La obligada desconexión del mundo digital que vivimos tras el apagón eléctrico nos ha demostrado que haríamos bien en desconectar voluntariamente. Para los que tuvimos la suerte de que el apagón no nos pillase subidos a un tren, un ascensor o lejos de casa, ayer fue un día hermoso para disfrutar de la calle y de los vecinos. Madrid se encendió tras el apagón.

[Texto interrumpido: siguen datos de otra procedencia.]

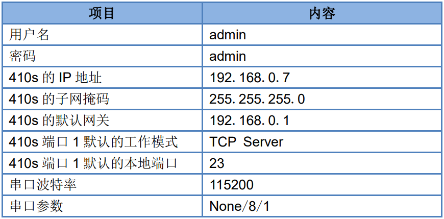 3.給電腦設置靜態(tài)IP,要與410S的IP在同一個網(wǎng)段:192.168.0.201(410S默認參數(shù)見表)。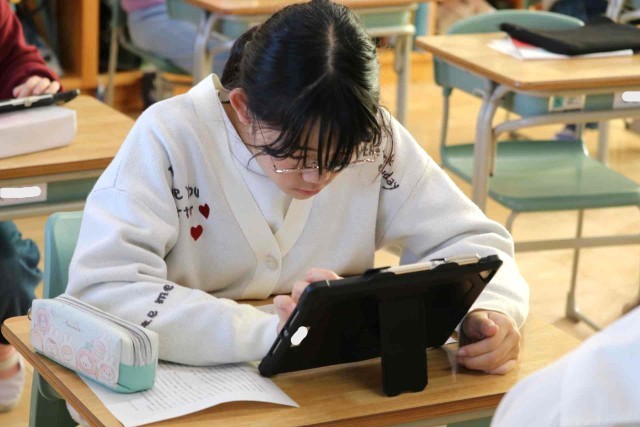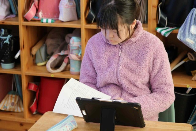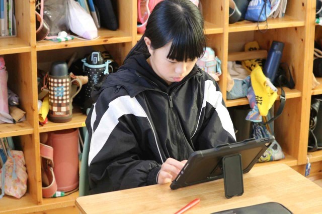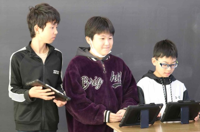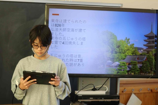 国語の授業でプレゼンテーションの学習をしています。修学旅行の写真や寺院について調べたことなどをプレゼンにしました。今後、後輩たちの教室に出向いて、自分たちが学んだことを発表していきます。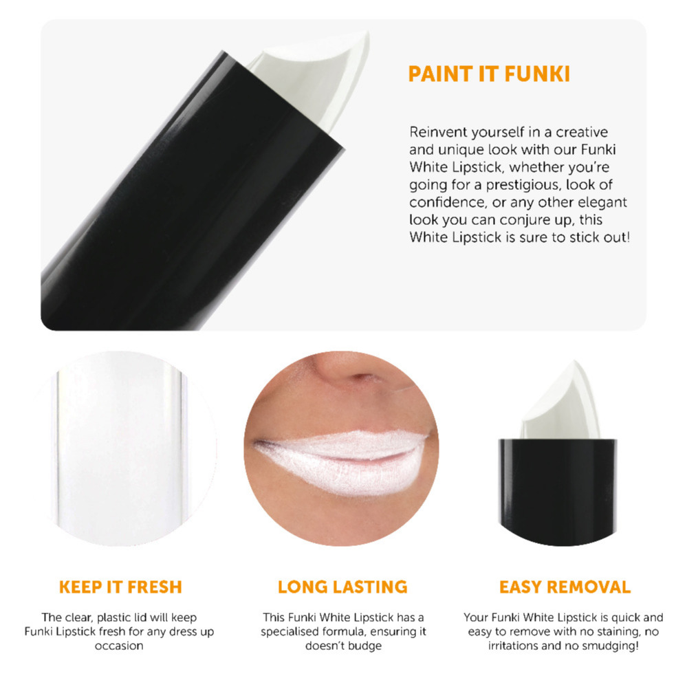 - PERFECT FOR ANY FANCY DRESS, MAKE UP, AND OUTINGS: Whether it be to complete a fancy-dress costume with some unique, stylish lipstick, completing looks for Halloween, or any other brilliant scenario you can think of, use our Funki White Lipstick!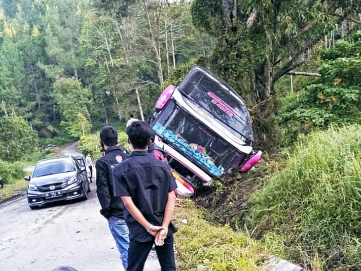 Suara Mabes ( Aceh). Polres Bener Meriah, Redelong- Bus penumpang Putra Pelangi alami Kecelakan lalulintas tunggal di jalan Bireuen-Takengon tepatnya di Kampung Relung Gunung, Kecamatan Wih Pesam, Kabupaten Bener Meriah, Aceh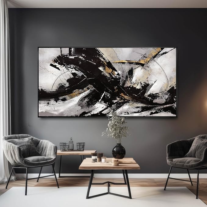 Black Wall Art Abstract Wall Decor for Living Room Framed Wall Art Canvas Art Grunge Artwork Large Office Pictures for Men 24”x48”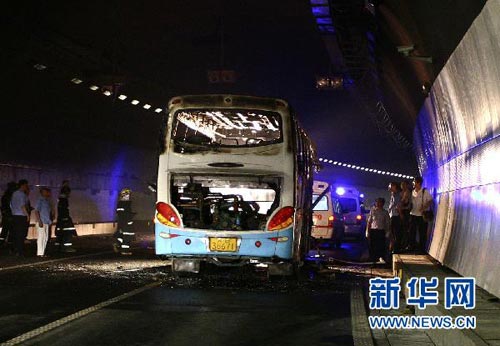 无锡惠山隧道拍摄的客车起火事故现场。 程炳洪 摄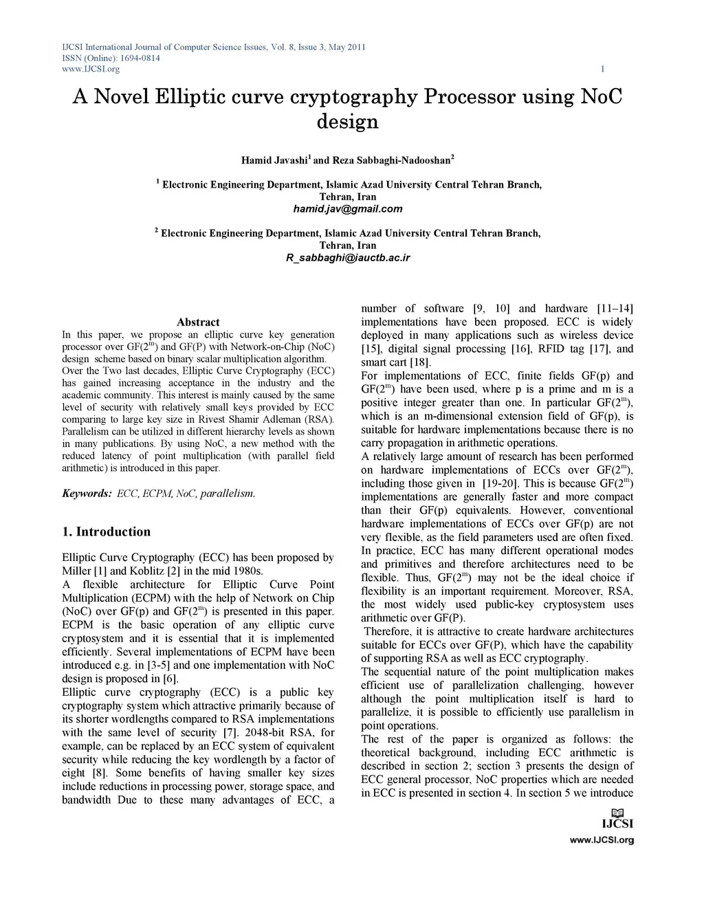 A Novel Elliptic curve cryptography Processor using NoC design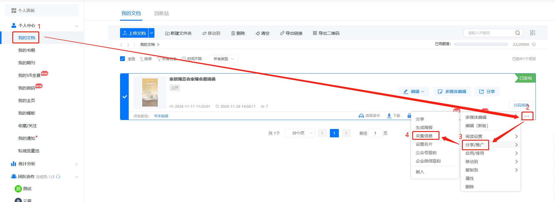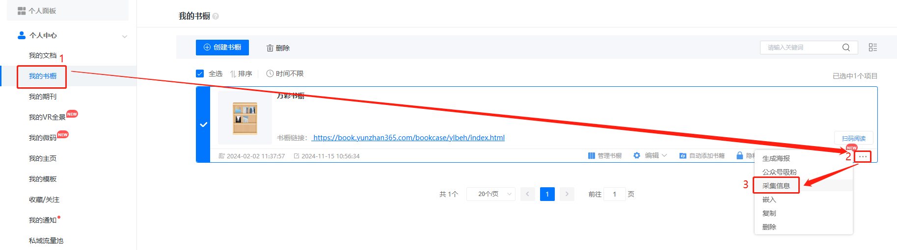 點(diǎn)擊【我的文檔】/【我的書櫥】,找到書本/書櫥,點(diǎn)擊右下角三個(gè)點(diǎn),點(diǎn)擊【采集信息】。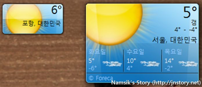 Windows 7에는 기본적으로 '날씨'라는 가젯이 포함되어 있습니다. 그렇지만 한국을 지원하지 않는 날씨 가젯은 사용자에게 무용지물일뿐입니다. 그렇다면 아래의 링크를 클릭하여 새로운 가제을 내려받아 설치해주세요!...

Fuera estaba toda la luz que no había dentro, así que las plazas y los parques se llenaron. La gente bajó a la calle con lectura, guitarras y latas de cerveza. Yo cogí un libro y me fui a la Plaza de las Comendadoras. La ciudad era un pueblo: la gente sentada al sol delante de sus portales, grupos de personas escuchando la radio juntas, una chica que te preguntaba por dónde se llegaba a la Puerta del Sol y otros que gritaban el nombre de sus amigos frente a sus casas para que bajasen a la calle.

El lunes se podía hablar con un desconocido sin la sospecha de ser un psicópata. Mi primer compañero de banco fue Kenji, un señor japonés que lleva 36 años viviendo en España. Me contó que no había comido, pero que vivía en un 5º piso y prefería esperar a que volviese la luz para no tener que subir las escaleras. Se casó con una italiana a la que conoció cuando vino a estudiar español a la Complutense y han criado a dos hijas en Madrid. La mayor está opositando; claramente, se han integrado en nuestra cultura.

Kenji se rindió y se fue a su casa a comer. Cambié un par de veces de compañero de banco hasta que otro asiático se sentó a mi lado. Me saludó en inglés, le respondí «what a day to visit Madrid» y me contestó enfatizando cada sílaba «co-re-a-no». Recordé que la autora que estaba leyendo era coreana y le enseñé el libro. Se rio, se puso a ojearlo con aire ufano y al leer la biografía, en voz alta dijo «Corea del Sur». Paradójicamente la novela trata sobre una señora que pierde la facultad de hablar: no podía ser más apropiada para el día en el que la ciudad la recobró.

Una pareja compró una radio a pilas y se encargó de transmitir las noticias a todos los que fuimos a preguntar. Me di cuenta de que no todo el mundo estaba disfrutando tanto de la tarde como yo. Nuestras vidas se benefician de la electricidad en infinidad de aspectos, desde el transporte hasta la alimentación. Sin embargo, hay un área en la que tal vez haya demasiada electricidad: la comunicación social. Hemos construido un mundo digital, paralelo al físico, que tiene la enorme ventaja de conectarnos con nuestros seres queridos cuando estamos lejos, pero que, como ya dice la sabiduría popular, nos aleja de los que están cerca.

«Las redes sociales son una trampa de la que no podemos salir porque las personas que nos interesan están ahí»

La tesis dominante en ciencias sociales es que la gente tiene redes porque se beneficia del efecto: cuántos más amigos tuyos están en la red, más utilidad te genera. Sin embargo, recientemente circula una nueva teoría: las redes sociales son una trampa de la que no podemos salir porque las personas que nos interesan están ahí. Cuantos más amigos tienen redes sociales, más difícil es dejarlas. Según esta visión, a todos nos gustaría no tener redes y desenchufarnos del mundo digital, pero no queremos ser los únicos ausentes; no queremos perdernos «lo que está pasando». Es un problema de coordinación. El lunes vivimos un experimento social en el que todos fuimos empujados a la fuerza desconectar del mundo digital y pudimos conocer a gente en el mundo real. Yo lo agradecí.